TASK INSTRUCTIONS:
Locate the line containing "3️⃣ 발견 : 우리는" in the material below. Copy that line and all following lines through the end exactly, omitting any pictures.

SOURCE MATERIAL:
◇ ◇ ◇ ◇

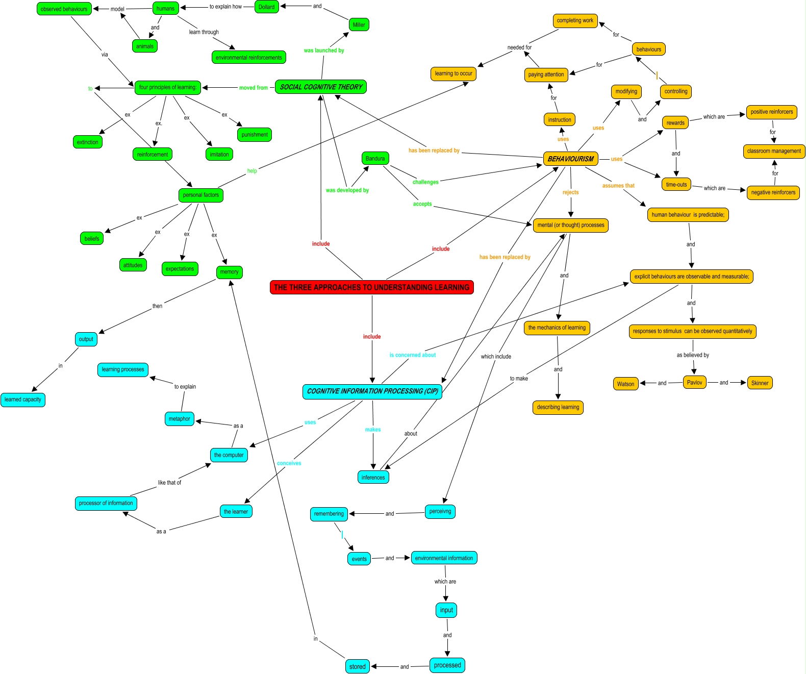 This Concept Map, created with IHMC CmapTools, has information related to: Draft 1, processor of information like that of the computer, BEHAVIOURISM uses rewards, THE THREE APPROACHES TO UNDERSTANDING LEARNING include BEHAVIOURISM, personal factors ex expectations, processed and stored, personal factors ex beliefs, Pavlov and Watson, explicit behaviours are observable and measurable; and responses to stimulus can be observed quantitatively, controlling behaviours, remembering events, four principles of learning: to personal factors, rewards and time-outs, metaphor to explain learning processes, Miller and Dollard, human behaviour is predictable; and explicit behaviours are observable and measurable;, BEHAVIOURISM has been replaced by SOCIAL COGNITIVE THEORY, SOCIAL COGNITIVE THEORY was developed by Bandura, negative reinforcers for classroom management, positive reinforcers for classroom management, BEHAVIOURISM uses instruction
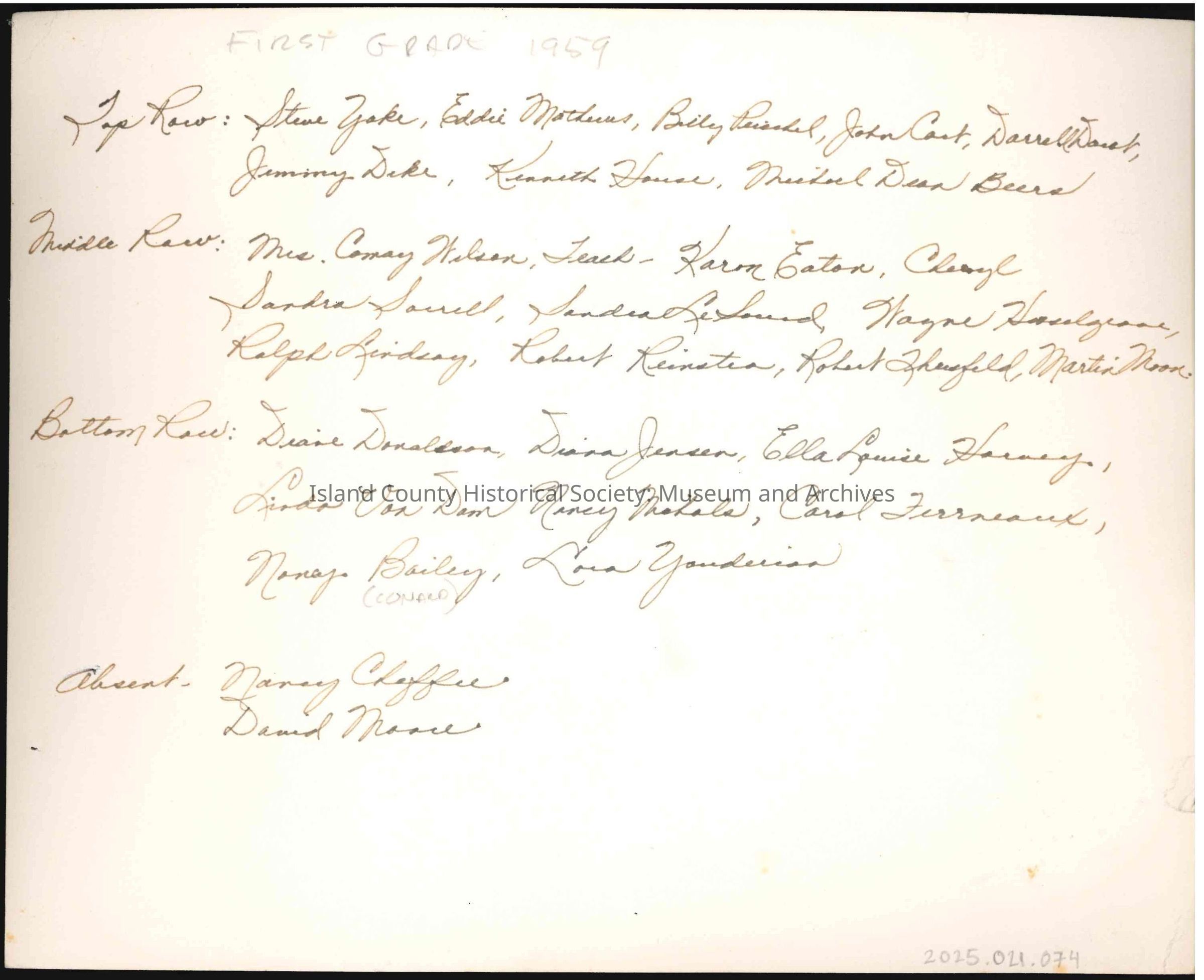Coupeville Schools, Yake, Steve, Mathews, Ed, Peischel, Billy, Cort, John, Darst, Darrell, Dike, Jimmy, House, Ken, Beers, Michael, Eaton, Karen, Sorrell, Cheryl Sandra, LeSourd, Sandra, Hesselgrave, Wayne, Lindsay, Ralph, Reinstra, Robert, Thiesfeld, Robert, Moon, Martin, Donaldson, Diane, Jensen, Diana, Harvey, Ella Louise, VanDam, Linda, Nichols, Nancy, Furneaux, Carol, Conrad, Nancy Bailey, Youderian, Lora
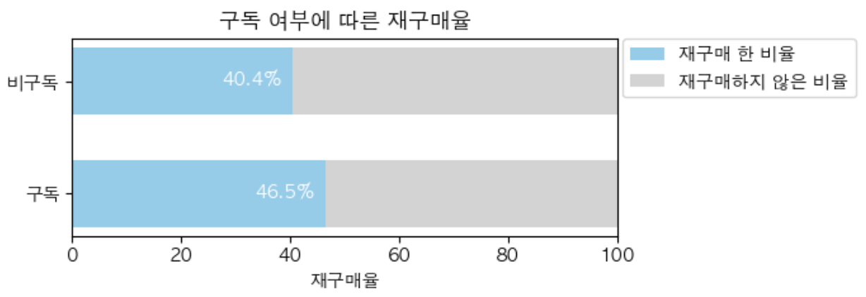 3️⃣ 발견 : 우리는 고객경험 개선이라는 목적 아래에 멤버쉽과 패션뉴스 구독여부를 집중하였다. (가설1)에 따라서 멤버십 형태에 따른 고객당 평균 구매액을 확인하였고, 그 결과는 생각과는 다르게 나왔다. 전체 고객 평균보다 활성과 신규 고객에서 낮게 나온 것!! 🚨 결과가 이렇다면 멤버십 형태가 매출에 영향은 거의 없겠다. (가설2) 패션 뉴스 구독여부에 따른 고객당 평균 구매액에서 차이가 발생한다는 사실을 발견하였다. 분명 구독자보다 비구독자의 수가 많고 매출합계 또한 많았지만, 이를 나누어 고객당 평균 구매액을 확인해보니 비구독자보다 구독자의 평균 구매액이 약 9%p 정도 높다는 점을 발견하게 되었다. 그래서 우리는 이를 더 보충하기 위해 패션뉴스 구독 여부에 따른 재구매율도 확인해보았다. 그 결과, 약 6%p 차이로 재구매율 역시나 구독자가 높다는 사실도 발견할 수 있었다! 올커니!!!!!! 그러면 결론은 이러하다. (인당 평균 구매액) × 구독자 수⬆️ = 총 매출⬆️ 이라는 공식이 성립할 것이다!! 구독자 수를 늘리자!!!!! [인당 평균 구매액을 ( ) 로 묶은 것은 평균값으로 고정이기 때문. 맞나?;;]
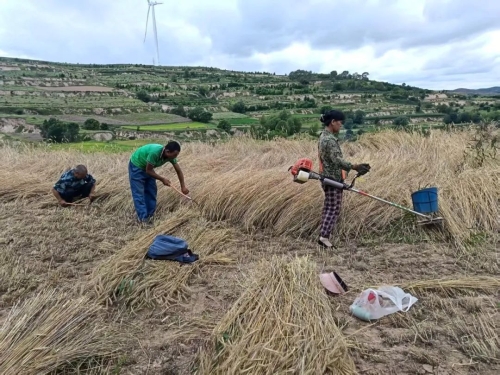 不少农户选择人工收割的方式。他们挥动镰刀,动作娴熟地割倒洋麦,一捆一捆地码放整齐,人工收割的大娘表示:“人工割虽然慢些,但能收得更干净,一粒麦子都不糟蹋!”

◇ ◇ ◇ ◇

SOLUTION TO THIS PROBLEM:
 3️⃣ 발견 : 우리는 고객경험 개선이라는 목적 아래에 멤버쉽과 패션뉴스 구독여부를 집중하였다. (가설1)에 따라서 멤버십 형태에 따른 고객당 평균 구매액을 확인하였고, 그 결과는 생각과는 다르게 나왔다. 전체 고객 평균보다 활성과 신규 고객에서 낮게 나온 것!! 🚨 결과가 이렇다면 멤버십 형태가 매출에 영향은 거의 없겠다. (가설2) 패션 뉴스 구독여부에 따른 고객당 평균 구매액에서 차이가 발생한다는 사실을 발견하였다. 분명 구독자보다 비구독자의 수가 많고 매출합계 또한 많았지만, 이를 나누어 고객당 평균 구매액을 확인해보니 비구독자보다 구독자의 평균 구매액이 약 9%p 정도 높다는 점을 발견하게 되었다. 그래서 우리는 이를 더 보충하기 위해 패션뉴스 구독 여부에 따른 재구매율도 확인해보았다. 그 결과, 약 6%p 차이로 재구매율 역시나 구독자가 높다는 사실도 발견할 수 있었다! 올커니!!!!!! 그러면 결론은 이러하다. (인당 평균 구매액) × 구독자 수⬆️ = 총 매출⬆️ 이라는 공식이 성립할 것이다!! 구독자 수를 늘리자!!!!! [인당 평균 구매액을 ( ) 로 묶은 것은 평균값으로 고정이기 때문. 맞나?;;]
 不少农户选择人工收割的方式。他们挥动镰刀,动作娴熟地割倒洋麦,一捆一捆地码放整齐,人工收割的大娘表示:“人工割虽然慢些,但能收得更干净,一粒麦子都不糟蹋!”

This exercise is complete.